- _Exercise requirements_:
Using the listing below, set down exactly the lines starting at the line that contains "Experience the Woodinville" and ending at the line that contains "- Căn hộ 3 phòng ngủ 2 vệ sinh: 69m2 - 77m2.", both included, and no others.
---- Data to process
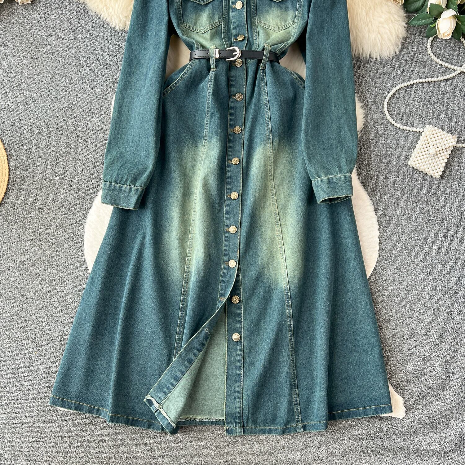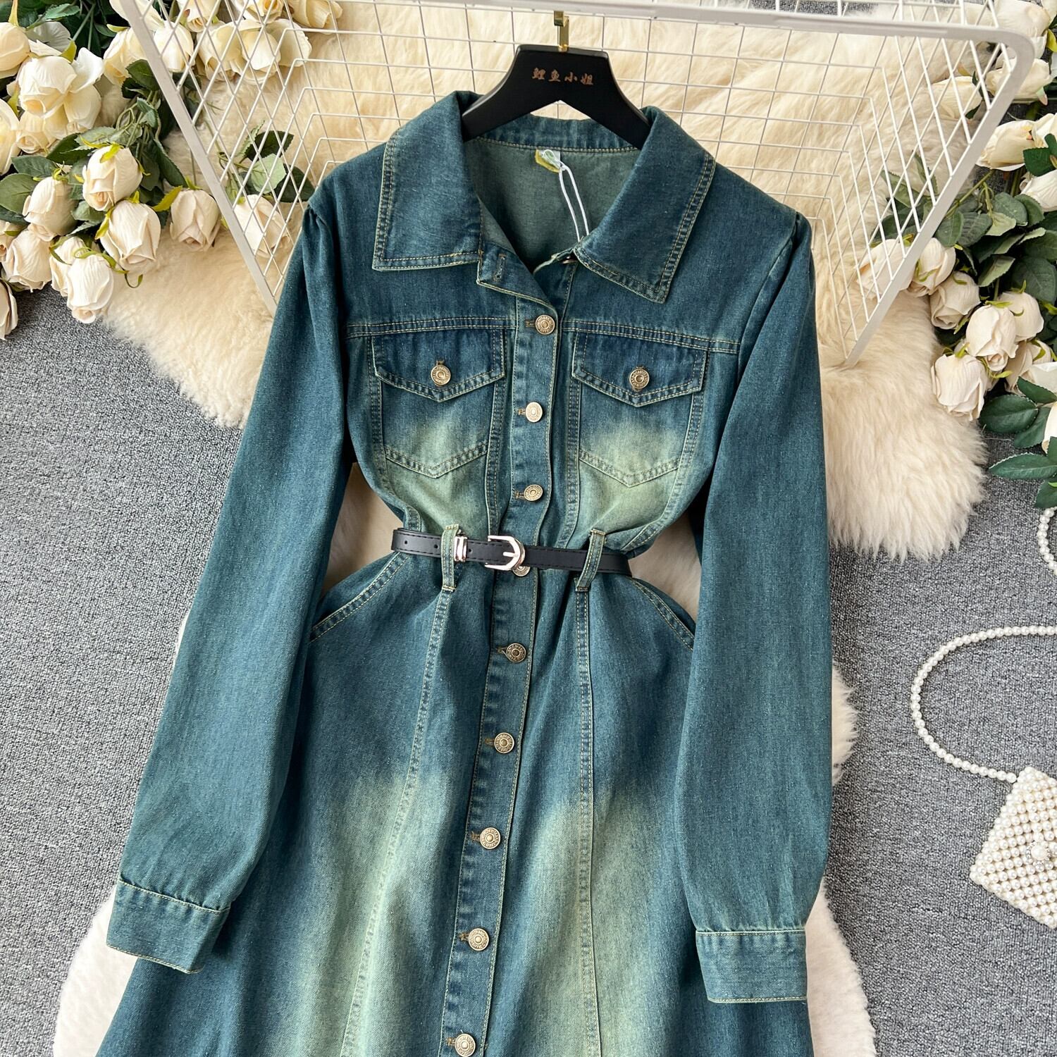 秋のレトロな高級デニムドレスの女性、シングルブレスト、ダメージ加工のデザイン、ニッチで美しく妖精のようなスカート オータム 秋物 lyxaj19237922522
--------
---- Data to process
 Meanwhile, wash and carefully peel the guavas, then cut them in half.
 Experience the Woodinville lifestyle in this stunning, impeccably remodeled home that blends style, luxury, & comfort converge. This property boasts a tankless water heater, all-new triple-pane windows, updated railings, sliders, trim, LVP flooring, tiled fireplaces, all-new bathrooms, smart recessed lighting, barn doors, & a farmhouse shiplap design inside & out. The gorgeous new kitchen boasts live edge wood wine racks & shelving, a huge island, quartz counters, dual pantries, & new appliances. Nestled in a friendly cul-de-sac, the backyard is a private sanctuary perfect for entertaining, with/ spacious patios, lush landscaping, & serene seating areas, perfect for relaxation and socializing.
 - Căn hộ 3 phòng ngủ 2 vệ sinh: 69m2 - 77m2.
--------
---- Data to process
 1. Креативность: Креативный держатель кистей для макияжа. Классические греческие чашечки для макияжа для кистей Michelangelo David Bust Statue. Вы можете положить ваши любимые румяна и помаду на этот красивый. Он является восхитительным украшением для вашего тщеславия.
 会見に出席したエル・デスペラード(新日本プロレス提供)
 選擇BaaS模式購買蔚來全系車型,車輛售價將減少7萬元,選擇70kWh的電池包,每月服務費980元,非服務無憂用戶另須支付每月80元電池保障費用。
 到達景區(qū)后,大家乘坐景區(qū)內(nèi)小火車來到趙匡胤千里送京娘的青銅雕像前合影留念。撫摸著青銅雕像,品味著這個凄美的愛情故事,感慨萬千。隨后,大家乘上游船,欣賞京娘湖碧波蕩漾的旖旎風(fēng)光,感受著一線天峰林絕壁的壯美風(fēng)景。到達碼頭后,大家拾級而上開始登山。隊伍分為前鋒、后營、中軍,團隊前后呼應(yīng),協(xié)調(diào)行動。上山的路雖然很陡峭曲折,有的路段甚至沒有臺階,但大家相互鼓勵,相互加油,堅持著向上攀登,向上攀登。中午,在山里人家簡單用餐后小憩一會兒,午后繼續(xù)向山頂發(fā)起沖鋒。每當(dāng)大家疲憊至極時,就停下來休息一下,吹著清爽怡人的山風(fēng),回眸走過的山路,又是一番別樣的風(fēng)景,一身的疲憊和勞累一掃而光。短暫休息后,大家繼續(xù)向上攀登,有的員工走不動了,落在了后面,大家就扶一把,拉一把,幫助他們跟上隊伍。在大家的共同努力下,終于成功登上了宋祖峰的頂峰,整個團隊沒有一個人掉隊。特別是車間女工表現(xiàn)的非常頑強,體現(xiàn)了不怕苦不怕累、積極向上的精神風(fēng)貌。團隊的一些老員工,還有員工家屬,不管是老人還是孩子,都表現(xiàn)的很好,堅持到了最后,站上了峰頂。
--------
- _Solution to this exercise_:
 Experience the Woodinville lifestyle in this stunning, impeccably remodeled home that blends style, luxury, & comfort converge. This property boasts a tankless water heater, all-new triple-pane windows, updated railings, sliders, trim, LVP flooring, tiled fireplaces, all-new bathrooms, smart recessed lighting, barn doors, & a farmhouse shiplap design inside & out. The gorgeous new kitchen boasts live edge wood wine racks & shelving, a huge island, quartz counters, dual pantries, & new appliances. Nestled in a friendly cul-de-sac, the backyard is a private sanctuary perfect for entertaining, with/ spacious patios, lush landscaping, & serene seating areas, perfect for relaxation and socializing.
 - Căn hộ 3 phòng ngủ 2 vệ sinh: 69m2 - 77m2.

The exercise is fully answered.